If it is anyway possible send emails that give you an opened/read notification so you can log for yourself that the emails were indeed opened. Another possibility is to CC it to HR and BCC it to yourself (BCC addresses are invisible to the receiver). And important things I would either give to her and ask her to date and sign it as read. Very important things I would send by classic mail (I don't know the term you use over there but the mail system where one needs to sign upon receiving the mail).

I guess in regards to your question on staying or going is: "how much more can you take?". If in any way possible try not to compare the way she does things to how you did/would do things it only sets you up for disappointment. Is there not another possibility in your hospital to take care of critical patients not under her management?

Good luck with the situation and I hope a solution will present itself.

And keep in mind succinylcholine leaves no trace other than high potassium ^^.
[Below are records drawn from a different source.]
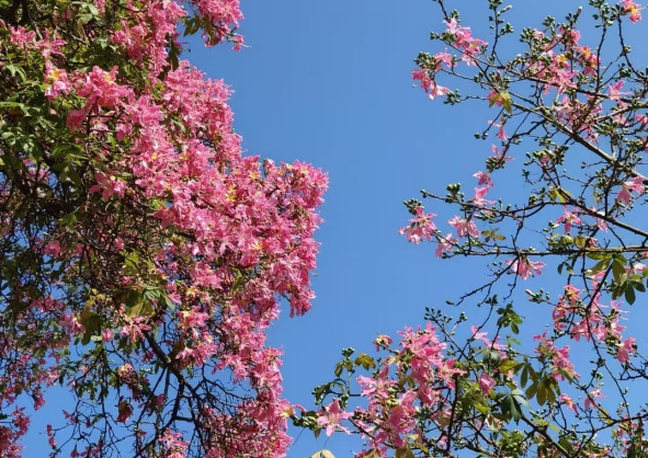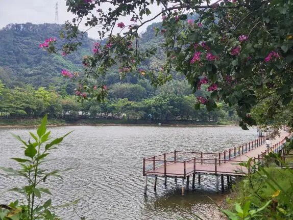 初冬时节,村道两旁的异木棉绚烂绽放,粉色的花影映衬着古厝灰墙,随手一拍,皆是意境。
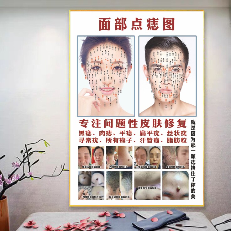 📚 痣相图点痣宣传图美容院祛痣海报广告图面部图男女面痣图取痣图
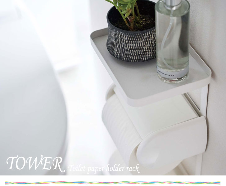 Tower タワー トイレットペーパーホルダー上ラック 2段 (トイレ収納 トイレットペーパーホルダー 収納雑貨 モダン 白 黒 ホワイト ブラック モノトーン おしゃれ)
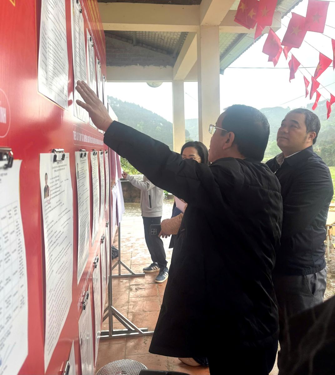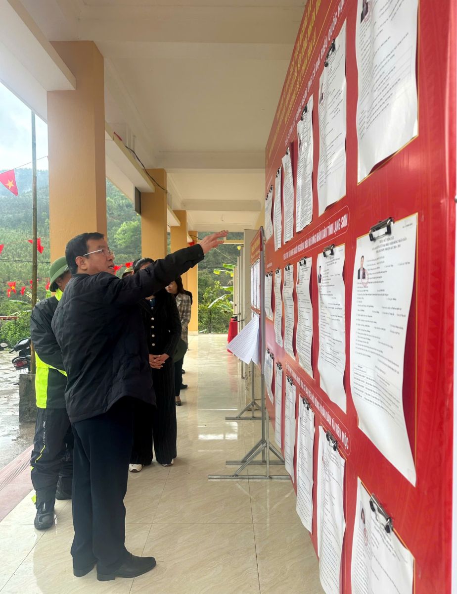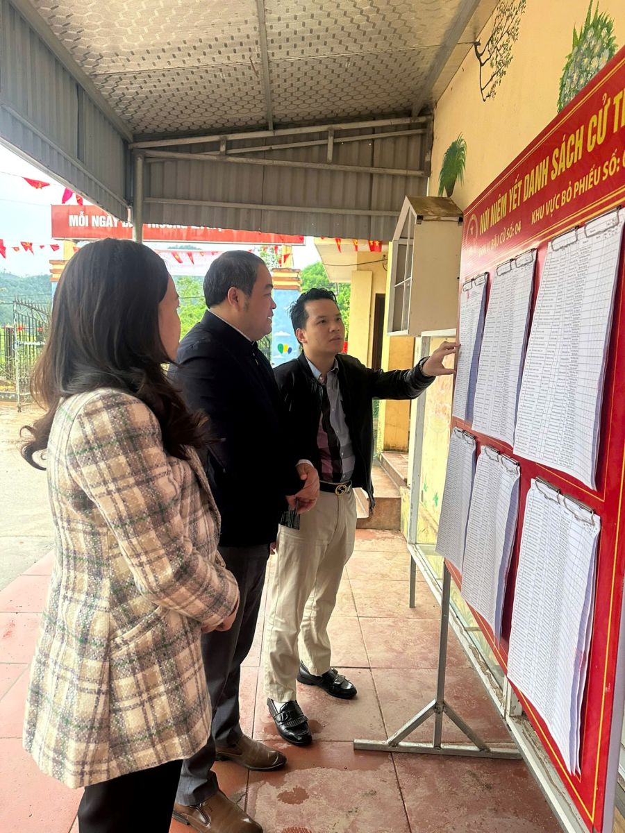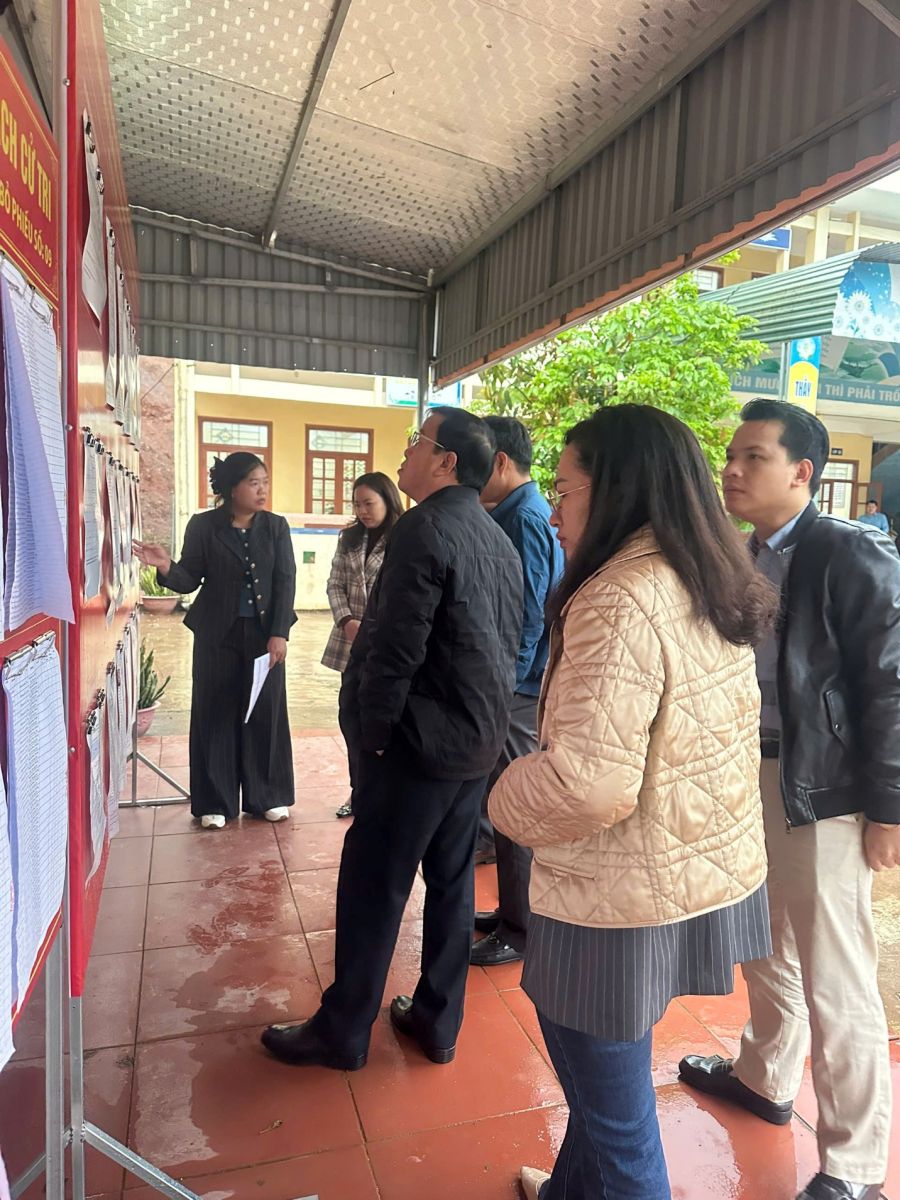 Đoàn công tác kiểm tra các điểm bỏ phiếu trên địa bàn xã

Specializes in ER, M/S, OR, Home Health.

Many of the staff are affected by her. But because most live there and there is NO other hospital to work they put up with it. I do the email thing already. When I signed on it was for a set schedule. W,th,f,s one week then th, f, s the next week. Did it for year and a half then a new nurse comes on with three total years experience and my schedule is upside down to accommodate her wants......with no notice to me or thought to my wants/needs/wishes....no questions even asked of me. JUST DONE. I feel its a total lack of respect on her part. Being a "old" manager and even older nurse, I would NEVER treat my staff the way she does. Yelling at them to shut up, sternly admonishing themin public not to push the auto door panel more than once when it doesn't open the first time. I'm sick of her attitude thinking she can talk like that to staff. And do the things she has done to me. I'm leaving. Have four job offerings in bigger hospitals with more pay and professionalism. She can keep her small minded small town ways. It will get her in the end.......noone deserves to be treated the way she treats staff.

Specializes in GICU, PICU, CSICU, SICU.

Good that you can move on and go to a place with a better atmosphere. I wish you all the luck out there!